Once you have created your `model` variable, you can call `.fit()` and pass `X` and `y` as arguments.

**💡 For KATE to work, your model must be assigned to a variable called `model`**

**NOTE**: Since with this project your model will be trained directly on KATE, it is limited to models that can be trained under 1min. You will receive a `TimeoutError` if your model takes too long.


In [40]:
# Your code here:

from sklearn.linear_model import LogisticRegression

lr = LogisticRegression(solver='lbfgs', max_iter = 1000)
lr.fit(X, y)

print(f"Accuracy score for Logistic Regression model: {lr.score(X, y)}")

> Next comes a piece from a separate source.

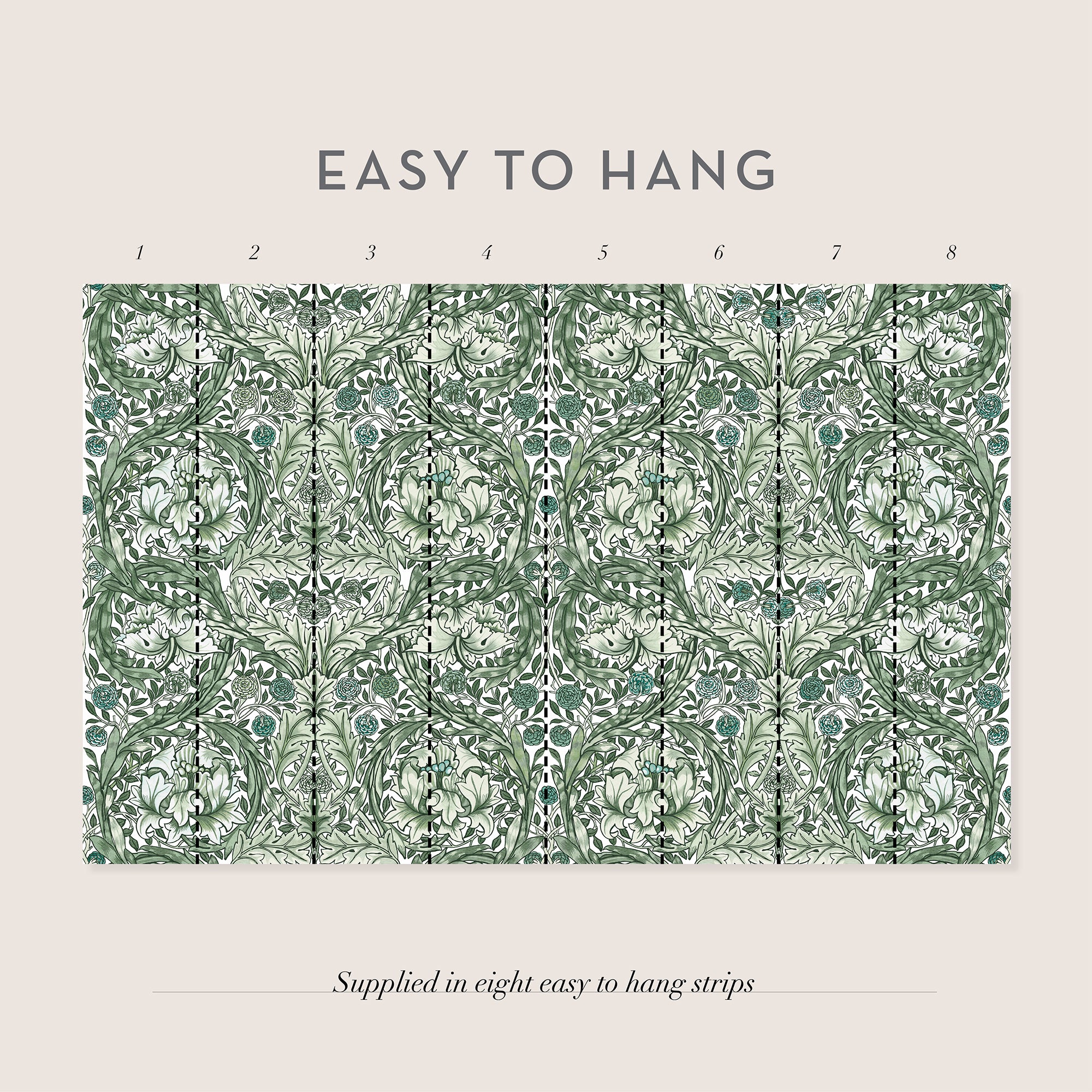 - Het behang wordt geleverd in 8 banen van 50 cm

from sklearn.naive_bayes import GaussianNB

gnb = GaussianNB()
gnb.fit(X, y)
print(f"Accuracy score for GaussianNB  model: {gnb.score(X, y)}")

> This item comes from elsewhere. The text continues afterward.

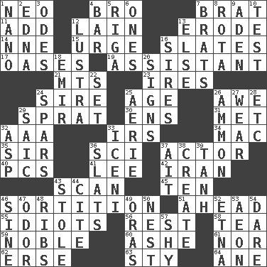 ACROSS 1. Modern: prefix 4. Sis' sibling 7. Naughty child 11. Say or write further 12. (Had) reclined 13. Wear away 14. Compass dir. 15. Goad 16. Chalkboards 17. Fertile tracts in a desert 19. Helper 21. Mountains (abbr.) 23. Angers 24. Beget 25. Personal question 26. Deep reverence 29. Small fatty European fish 30. Followers of ems 31. Was introduced to 32. Auto club (abbr.) 33. Big collection agency 34. Big _ 35. Title for a knight 36. _-fi 37. Thespian 40. Personal Computers (abbr.) 41. Area sheltered from the wind 42. SW Asia republic 43. Glance over 45. "___ Little Indians" 46. Drawing lots 51. Toward the future 55. Foolish or stupid persons 56. Take ten 58. Afternoon social gathering 59. Impressive in appearance 60. American tennis player Robert 61. Not either 62. Celtic language 63. Filthy place 64. One (Scot) DOWN 1. Billionth: prefix 2. Pulitzer Prize-winning author Ferber 3. Lyric poems 4. Soap unit 5. Capital of Latvia 6. Washington bills 7. Naughty children 8. Round or rotation of duties 9. Arabian gulf 10. Trial 12. A period of five years 13. Otherwise 16. Founders of families 18. Independent ruler or chieftain 20. Signals 22. Put into a specified state 24. Practice fights 25. Nest on high 26. ID or VA city 27. Erode 28. And so on (abbr.) 29. Ketch in the Levant 32. Cleo's killer 33. Ancient Celtic tribe of eastern Britain 36. Narrow boards 37. Small island 38. Cause to be 39. Hyperbolic tangent 43. Took without asking 44. Quote 46. Trig term 47. Scent 48. Teases 49. Mouths or openings 50. A home for chicks 52. Inactive volcano in Sicily 53. A really long time 54. Have the gumption 57. Like a shrinking violet

from sklearn.tree import DecisionTreeClassifier

model = DecisionTreeClassifier(max_depth=40, min_samples_split=80)
model.fit(X, y)
print(f"Accuracy score for DecisionTreeClassifier  model: {model.score(X, y)}")

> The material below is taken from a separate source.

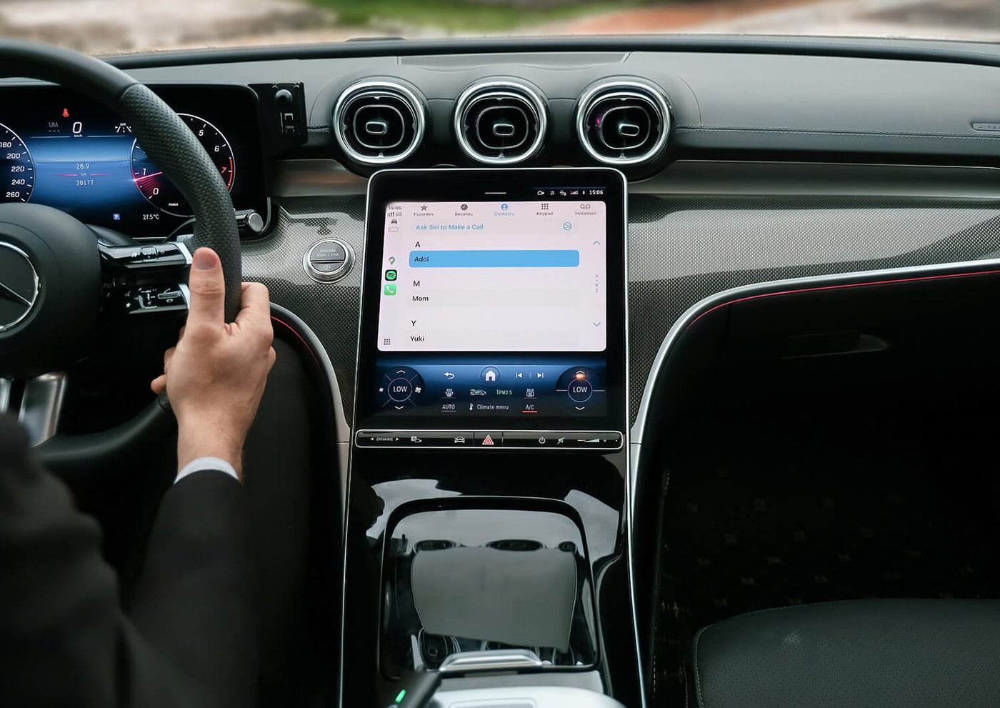 The car's screen displays wireless connectivity.

# from sklearn.ensemble import RandomForestClassifier 
# rfc = RandomForestClassifier()
# rfc.fit(X, y)
# print(f"Accuracy score for DecisionTreeClassifier  model: {rfc.score(X, y)}")





Accuracy score for Logistic Regression model: 0.5694
Accuracy score for GaussianNB  model: 0.51534
Accuracy score for DecisionTreeClassifier  model: 0.69864


Once trained, we can use the `.score()` function to evaluate our model's performance on the train set. Remember to pass `X` and `y` as arguments.

In [41]:
# Your code here:
print(f"Accuracy score for model: {model.score(X, y)}")

Accuracy score for model: 0.69864


In [42]:
from sklearn.metrics import accuracy_score, f1_score

predictions = model.predict(X)
# Your code here...
acc = accuracy_score(y, predictions)
f1 = f1_score(y, predictions)
              
print(f'Accuracy: {acc}')
print(f'F1: {f1}')


Accuracy: 0.69864
F1: 0.7010554717879534


## Part 3: Making predictions

Now that our model is trained, we can use the `.predict()` function to make predictions for the rows in our data where `y` is not known.
 - Call `.predict()` on the `model` variable, and pass `X_eval`
 - Assign the output of `.predict()` to a variable called `y_pred`

In [43]:
# Your code here:
y_pred = model.predict(X_eval)

Note that in the previous exercise, we used the `.score()` function to evaluate our model on the training data. However, we do not have the ground truth for our `X_eval` data points - to see how well the model performs on the test set, you will have to submit it to **KATE**!